**Work required**: Nothing should appear in the answer except the lines below from the line containing "流量調整ネジの角度を変えることで、ノズル単体でも流量の調整が可能です。" through the line containing "关于开展2023年全民国家安全教育日宣传教育活动的通知", copied exactly, with pictures left out.

**Data in this exercise**:
+ + +
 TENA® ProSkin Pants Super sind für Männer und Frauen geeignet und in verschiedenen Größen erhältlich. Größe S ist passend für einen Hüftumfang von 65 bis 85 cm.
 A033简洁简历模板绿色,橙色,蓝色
+ + +
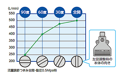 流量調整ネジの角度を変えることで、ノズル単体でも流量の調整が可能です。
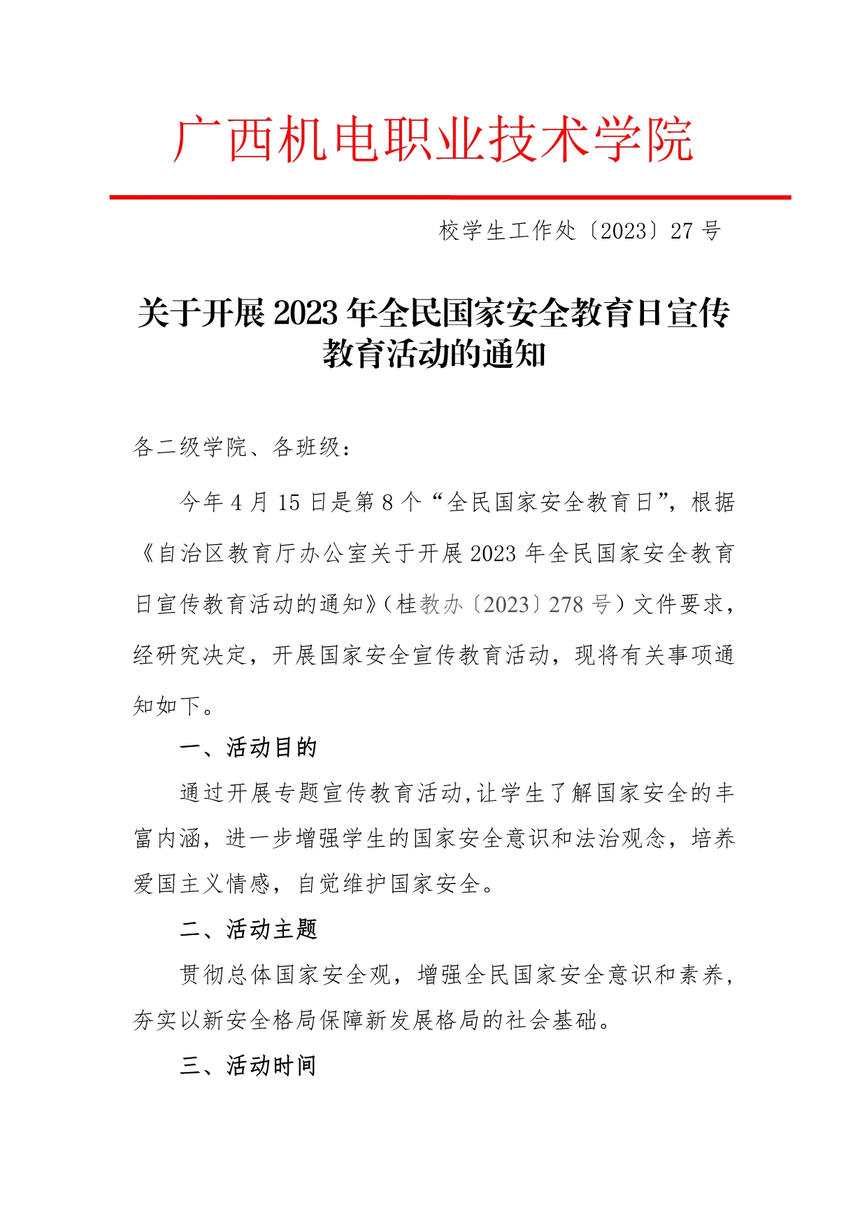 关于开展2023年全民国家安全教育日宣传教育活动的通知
+ + +
**Response to the task**:
 流量調整ネジの角度を変えることで、ノズル単体でも流量の調整が可能です。
 关于开展2023年全民国家安全教育日宣传教育活动的通知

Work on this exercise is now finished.